WHAT TO DO –
Skip every picture while you write out the records below, from the first line through the one that contains "Keywords: house chalet", both ends kept.

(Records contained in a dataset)
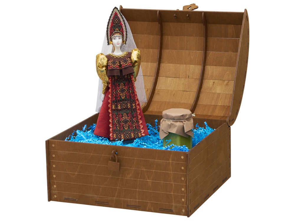 кукла- фарфор/текстиль, сундук- дерево |
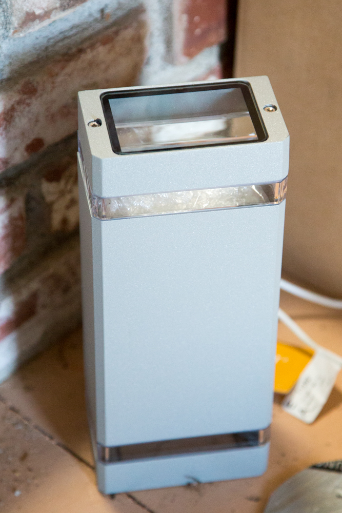This is an up and down light. It shines up and it shines down and then you see a little light in the two little windows. It’s rather unimpressive when there is no light shining thru. Wait till you see it on. (She crosses her fingers.) We will have two of these in this walkway.
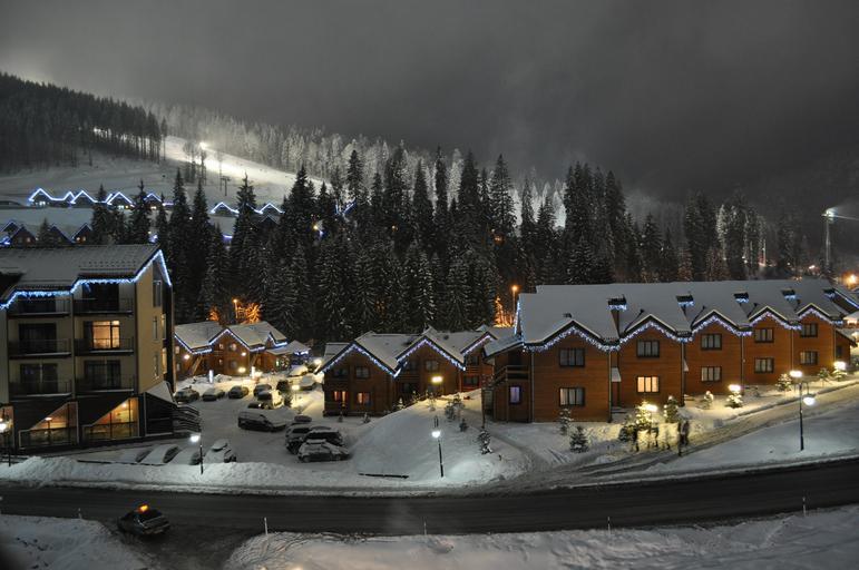 Keywords: house chalet mountains evening nature twilight snow efi pine bor houses hotels
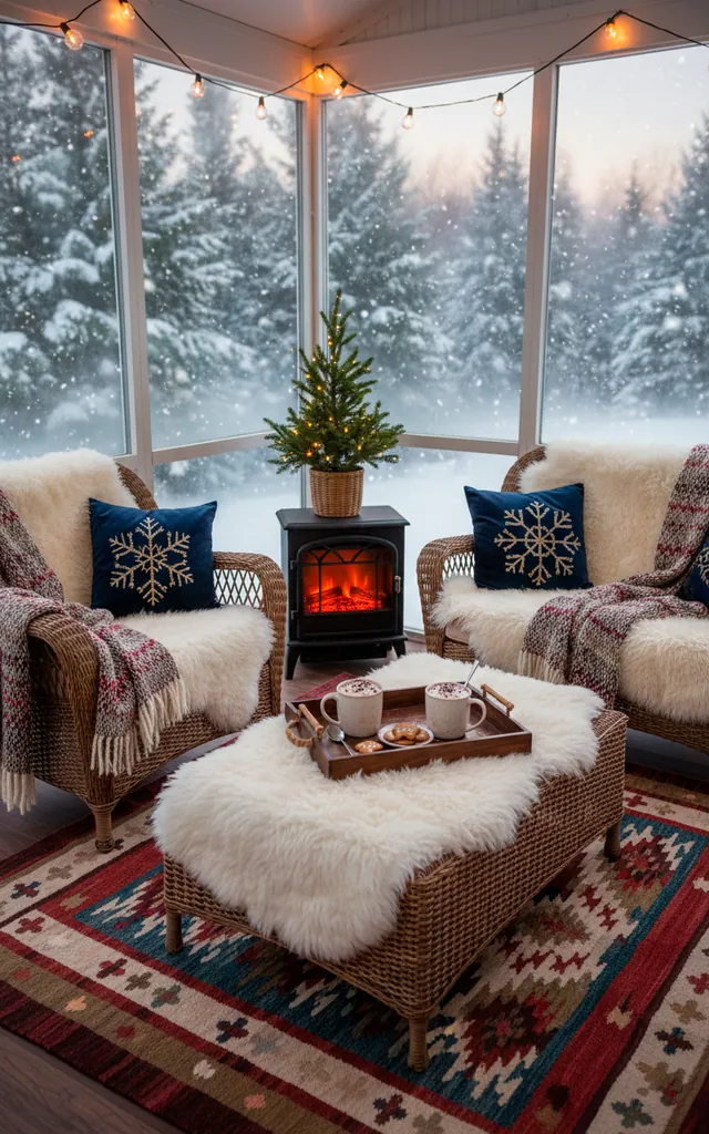 Don’t let your sunroom decor get stale! I love swapping out small details as the seasons change to keep the energy fresh. In the summer, I go heavy on the lemons, bright blues, and lightweight linens. When winter hits, I bring in the faux sheepskin rugs and heavy velvet pillows to trap the heat and keep things snug. Why keep the same look for twelve months? IMO, a quick cushion swap is the cheapest way to feel like you’ve moved into a new house. It keeps you excited about spending time in your sun-drenched sanctuary all year long.
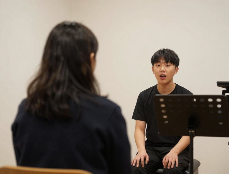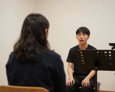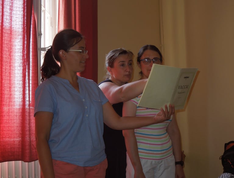 En cours particuliers, ses élèves sont des enfants à partir de 8 ans, des jeunes préparant une entrée en conservatoire, et des adultes pour qui la voix est un outil d’expression, de plaisir ou professionnel.
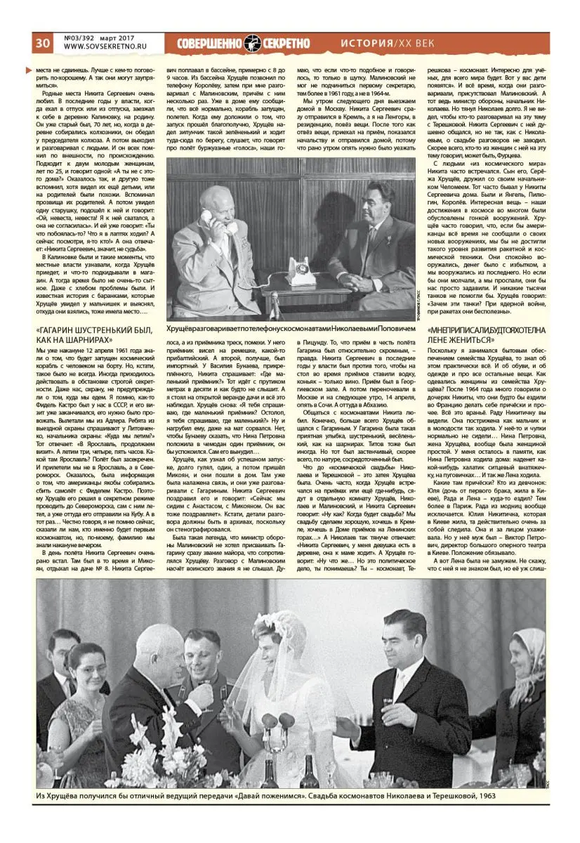 Что до «космической свадьбы» Николаева и Терешковой – это затея Хрущёва была. Очень часто, когда Хрущёв встречался на приёмах или ещё где-нибудь, сядут в отдельную комнату Хрущёв, Николаев и Малиновский, и Никита Сергеевич говорит: «Ну как? Когда будет свадьба? Мы свадьбу сделаем хорошую, хочешь в Кремле, хочешь в Доме приёмов на Ленинских горах…» А Николаев так тянуче отвечает: «Никита Сергеевич, у меня девушка есть в деревне, она к маме ходит». А Хрущёв говорит: «Ну что же… Но это политическое дело, ты понимаешь? Ты – космонавт, Терешкова – космонавт. Интересно для учёных, для всего мира будет. Вот у вас дети появятся». И всё время, когда они разговаривали, присутствовал Малиновский. А тот ведь министр обороны, начальник Николаева. Но тянул Николаев долго. Я не видел, чтобы кто-то разговаривал на эту тему с Терешковой. Никита Сергеевич с ней душевно общался, но не так, как с Николаевым, о свадьбе разговоров не заводил. Скорее всего, кто-то из женщин с ней на эту тему говорил, может быть, Фурцева.
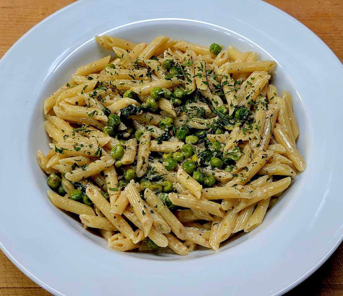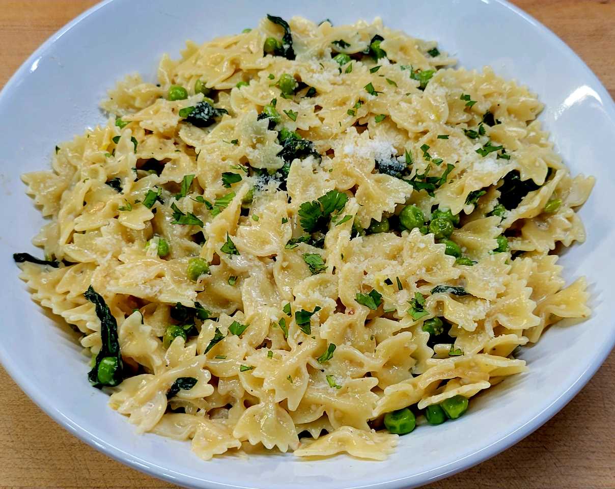 - Add the drained pasta to the skillet with the spinach and peas. Toss everything together, adding a bit of reserved pasta water if needed to help coat the pasta with the sauce.

SOLUTION TO THIS TASK –
 кукла- фарфор/текстиль, сундук- дерево |
This is an up and down light. It shines up and it shines down and then you see a little light in the two little windows. It’s rather unimpressive when there is no light shining thru. Wait till you see it on. (She crosses her fingers.) We will have two of these in this walkway.
 Keywords: house chalet mountains evening nature twilight snow efi pine bor houses hotels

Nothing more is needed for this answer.